Egnyte published its inaugural Data Governance Trends Report, based on findings from a survey of 400 IT executives in August 2020. The Data Governance Trends Report highlights the challenges associated with the data type most greatly affected by remote working scenarios: unstructured data. (Unstructured data includes all the information stored in files like Excel, Word and PowerPoint documents, as well as images, video and more.)
“The demands on data governance leaders have been intensifying for the past several years,” said Egnyte CEO Vineet Jain. “There is more and more content straddling on-prem and multi-cloud environments. Business users are clamoring for consumer-like, self-service models of accessing files anytime, anywhere. Meanwhile, companies must adapt to a new slate of GDPR-style privacy regulations, and in parallel, there’s an explosion of new opportunities to interpret and and analyze these huge unstructured datasets.”
Key findings show how the COVID-19 pandemic has forced CIOs to reimagine data governance plans in the context of remote-first (and remote-only) working conditions.

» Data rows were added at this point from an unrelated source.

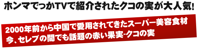 100種類の栄養成分を持つと言われる赤いスーパー果実-クコの実(枸杞子)こんにちは!タマチャンショップの田中です。以前から販売していたのですがこのところ、クコの実が非常に注目を集めているという事で、クコの実には、体内ですぐに栄養分として摂り入れられる、βカロチンが大量に含まれています。それ以外にも、ビタミンA・ビタミンB1・ビタミンC・鉄分・カルシウムなどの必須成分を含んでおり、近年では女性やセレブの間でも注目されている理由が、エイジングケアという事で人気を集めているそうです!おそるべし赤い果実
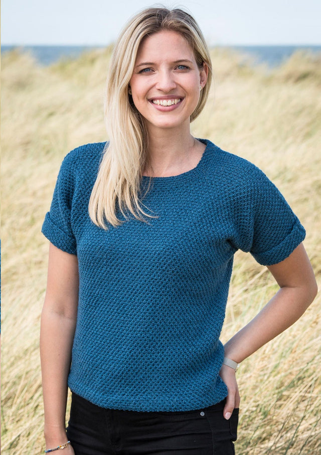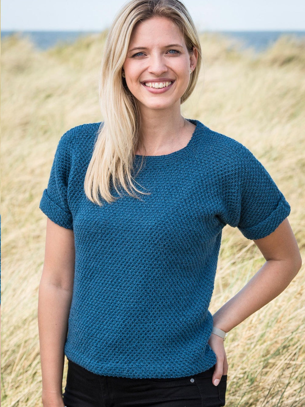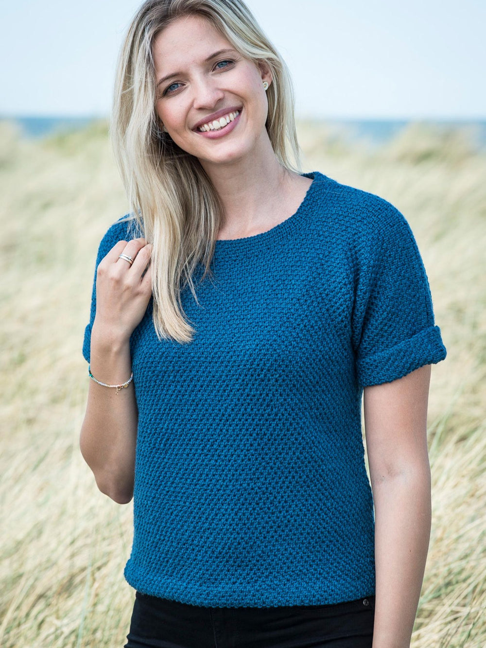 Strukturmønster giver uendeligt mange variationsmuligheder, og her er teknikken brugt til at skabe den flotteste kortærmede bluse.
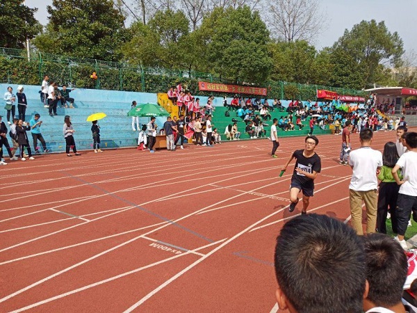枪声一响,一道道身影飞奔而出,你追我赶,每个选手都不甘示弱,都拿出最快的速度向前飞奔,奋起直追努力缩小差距。紧接着第二棒第三棒的运动健儿们也在为最后的胜利而努力奔跑,场上传来个一阵一阵的欢呼加油声,终于,接力棒传到了最后一个运动员的手中,赛场上的气氛越来越高涨,大家都在为运动员们加油打气。商学院运动员们以默契的配合、风一般的速度赢得了乙组第五名的好成绩!
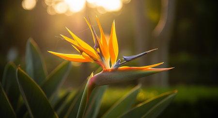 Bird of paradise flower in the garden at sunset, beautiful nature background
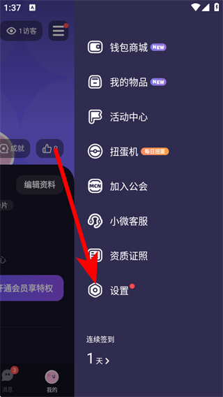 2.在功能菜單中,點(diǎn)擊設(shè)置選項(xiàng)。
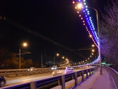 Световые элементы организованы на основных улицах и путепроводах. По всей улице Московской фонари уже принарядились в гирлянды.

It reveals new and emerging security threats associated with the work-from-everywhere paradigm, and digs into the strategies companies have adopted (and plan to adopt) to keep up.
While companies face a diverse set of challenges, several major trends emerged:
Remote work is driving more data sprawl than ever before. Seventy-six percent of IT executives are concerned about unstructured data sprawl, and more than half say remote work is the main culprit.

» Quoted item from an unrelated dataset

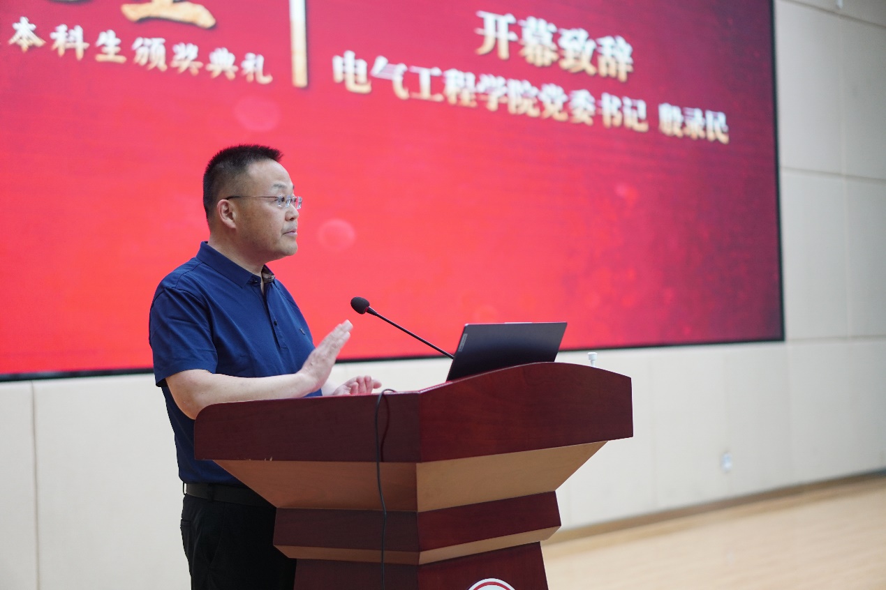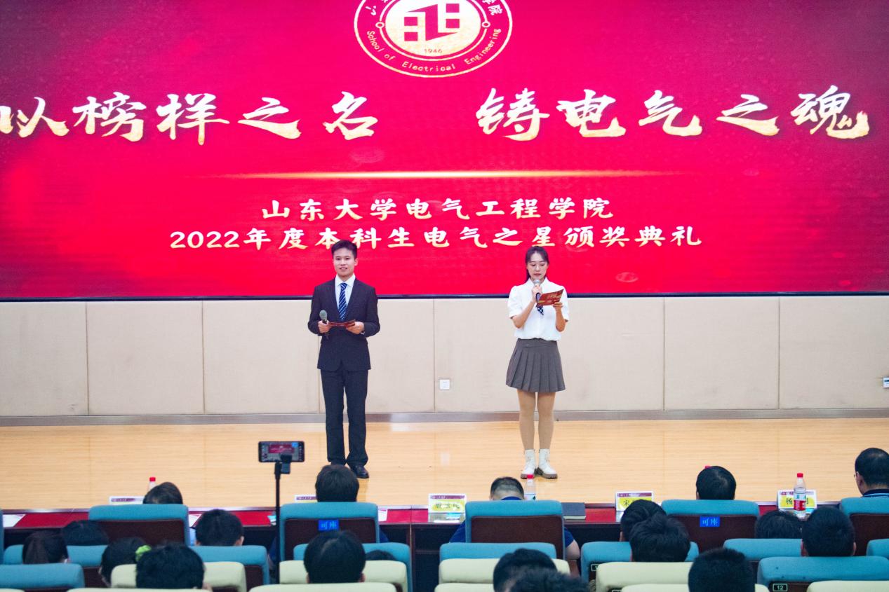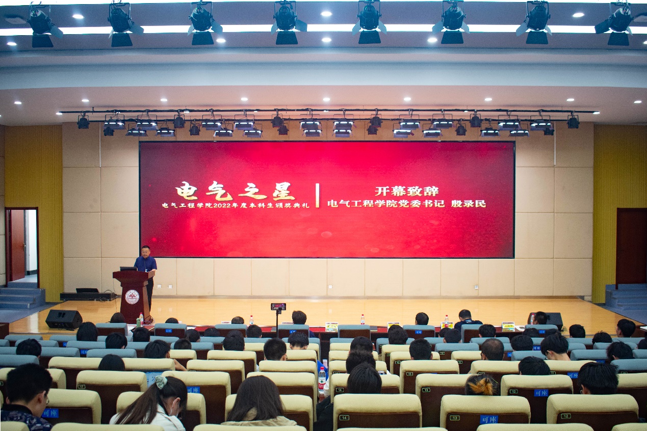 yl6809永利官网党委书记殷录民致开幕词。他表示举办“电气之星”颁奖典礼是对同学们所取得的成绩表示肯定和嘉奖,更重要的作用是发挥榜样的示范引领作用,向电气学子提出三点期望:一是坚定信念,提升素养。认真学习宣传贯彻党的二十大精神,深刻领悟“两个确立”的决定性意义,增强“四个意识”、坚定“四个自信”、做到“两个维护”,形成坚定的理想信念和政治定力。二是勤奋学习,崇实求新。弘扬学校的严谨学风,践行“爱国、励志、求真、力行”的要求,惜光阴、求真知、修品德,在知识学习中稳扎稳打、脚踏实地,为将来的科研和工作夯实基础。三是敢想敢做,勇做新时代追梦人。从一点一滴做起,把理想变为现实,让增长本领成为青春搏击的能量,让实践创新成为青春远航的动力,把个人梦融入山大梦、中国梦,成为有深厚家国情怀、勇于担当作为的电气学子。

Remote is risky. Away from the office, 29 percent of employees are accessing corporate files through unsecured WiFi networks and on personal devices with no password requirements. On average, they report that 47 percent of files contain sensitive information.
Employees aren’t doing enough to protect sensitive information. Just 29 percent of C-suite IT executives give their employees an “A” grade for following policies and procedures to keep files and documents secure.

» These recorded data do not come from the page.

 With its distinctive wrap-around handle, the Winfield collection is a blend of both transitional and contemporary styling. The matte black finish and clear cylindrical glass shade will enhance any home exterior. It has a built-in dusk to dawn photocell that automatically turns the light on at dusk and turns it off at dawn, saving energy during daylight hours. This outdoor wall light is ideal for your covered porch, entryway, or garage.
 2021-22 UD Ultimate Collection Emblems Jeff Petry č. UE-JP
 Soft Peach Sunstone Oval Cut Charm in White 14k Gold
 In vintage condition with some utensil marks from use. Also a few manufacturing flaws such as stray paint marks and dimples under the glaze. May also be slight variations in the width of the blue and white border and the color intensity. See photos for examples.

Nobody loves their content management architecture. Ninety-seven percent of CIOs say that content management is rife with problems, citing as examples files sitting on unsecured devices, data loss, and mismanaged permissions.
The digital future is automated. To take the load off workers, more than half of companies plan to invest in AI and machine learning to automate content management and data security.
To read the full Data Governance Trends Report, visit egnyte.com/governance-trends. For additional insights from the Egnyte team, register for the Data Governance Deep-Dive on October 27.
The Data Governance Trends Report was commissioned by Egnyte and conducted by an independent firm, Wakefield Research (www.wakefieldresearch.com). The study was fielded between July 31 and Aug. 12, 2020 using an email invitation and an online survey. Respondents comprised 400 U.S. C-Levels with Technology/IT titles at companies of 100 or more employees.